Jo stated that children in the shelters were assigned to do different types of work that would benefit the North Korean regime.

She recalled that when she and her older sister were sent to an orphanage shelter for the first time in 2001, her sister and the older kids were forced to do work on a farm while she and the younger kids were forced to shuck corn.

"We were assigned to work on farms and mountains. Older kids, they had to work all day long. It's kind of like a labor prison for kids," Jo stressed. "It's not like a fancy orphanage shelter like in America or South Korea. Basically, how it works is like they contain children forcefully and then they will assign healthy kids to farms and labor areas. So they force them into labor for the government and for their needs."

"For my sister, she was 16 years old at the time. So she had to work since 7 a.m. to like 5:30 p.m. in the farm. Then for me, I was 11 or 12 years old. I had to go with other young kids and follow two ladies to the place they put the dried corn."

According to Jo, there are orphanage shelters in every major North Korean city.

Jo also shared what it was like being detained for three weeks inside of a North Korean prison, where she and her mother were forced to help the North Korean government build an extension on a building.

She said that for three weeks straight, she, her mother and other prisoners were forced to work about eight hours per day for five days a week.

"We had to clean the dirty stuff from the ground and we had to move cement blocks for buildings and move the blocks with our bare hands. We didn't have any tools, so we had to work with our hands," Jo explained. "My sister was sick at the time so she was in a prison cell."

Jo and her family were aided by a South Korean missionary living in the United States who helped facilitate the family's escape into China for the final time in 2006.

"In 2006, when we crossed the border to China, we paid money and bribed officers and got rescued," Jo said. "Two months later, we got a call and were told all those high officials got in trouble and the [North Korean] government is looking for us and they are sending people to look for us in Yanbian area.
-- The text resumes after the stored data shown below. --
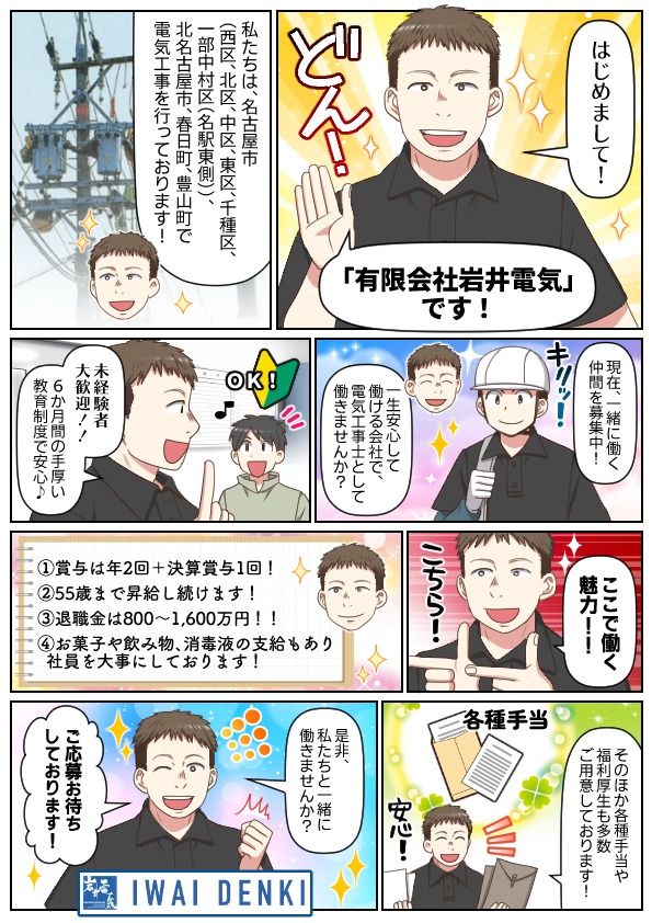 | 勤務エリア | 現場の範囲は名古屋市(西区、北区、中区、東区、千種区)、一部中村区(名駅東側)、北名古屋市、春日町、豊山町 |
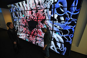 The 3D display wall at CAMI supports visualizations including MRI, whole-body bioluminescence and fluorescence imaging, photon microscopy and scanning probe microscopy of live cells, and allows researchers to visualize data in real time while studying molecular, cellular and tissue structures and interactions.
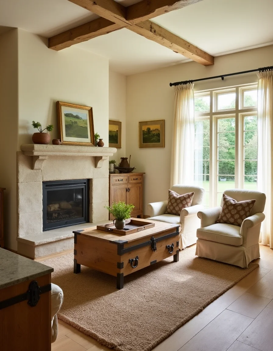 The living room exudes a cozy country charm, with soft beige walls that embrace earthy tones and textures throughout the space. A rustic wooden coffee table, made from reclaimed oak, sits at the center of the room, surrounded by a pair of plush cream-colored armchairs with light brown floral upholstery. Against one wall, a stone fireplace adds warmth, adorned with a mantel displaying handmade pottery and a few small potted succulents for a touch of greenery. Natural light streams through sheer linen curtains, which frame a large window that offers views of a lush garden; a braided jute area rug anchors the seating area and complements the warm wooden floors. Vintage accents, such as an antique wooden trunk serving as additional storage and subtle wall art featuring pastoral scenes, enhance the inviting, relaxed atmosphere.
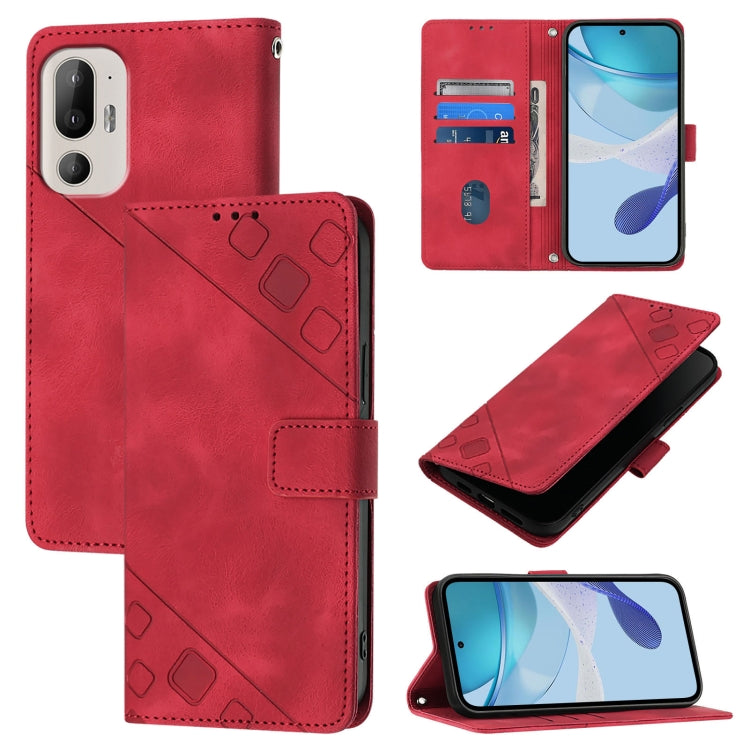 Funda de Cuero con Relieve para HTC U24 Pro Skin Feel (Rojo)
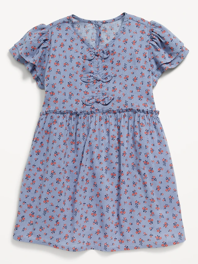 Printed Short-Sleeve Ruffled Bow Dress for Toddler Girls

So we were not safe in Yanbian area."

"We took a van and we drove to Beijing and we sent our story to [the United Nations]," Jo added. "The U.N. and U.S. government, they got our letter and approved us as legal refugees."

From 2006 to 2008, Jo and her family lived under U.N. protection until they were finally able to come to the U.S. Jo became a U.S. citizen in 2013. 
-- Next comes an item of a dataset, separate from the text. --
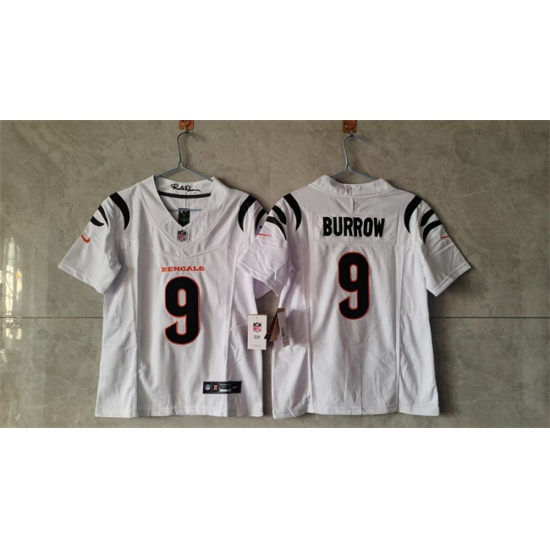 - Women Cincinnati Bengals 9 Joe Burrow White F U S E Stitched Vapor Football Jersey

Jo now works as vice president of the nonprofit organization NKinUSA, an advocacy group founded and run by North Korean refugees resettled in the U.S.

The organization, in part, exists to facilitate the safe passage of defectors and to provide them with resettlement assistance in other nations.

Jo will be sharing her experiences and the plight of North Korean Christians when she speaks at the 4th Annual Night of Prayer for the Persecuted Church that will be held at Chinese Community Church in Washington, D.C., on Nov. 18. The free event will be hosted and sponsored by the nonprofit organization One Body and the Christian persecution advocacy group International Christian Concern.

Jo will join persecuted Christians from countries like Iran, Pakistan and Cuba, who will also share their testimonies of persecution. North Korea is ranked as the worst country in the world for Christian persecution, according to Open Doors USA's 2017 World Watch List.

"[I'm] hoping that I can show the suffering and challenges that Christians are facing in North Korea," Jo told CP about the event. "I think this is an opportunity that I can share as a Christian survivor and also a North Korean who saw Christians get forcefully tortured and the different treatments from the North Korean government."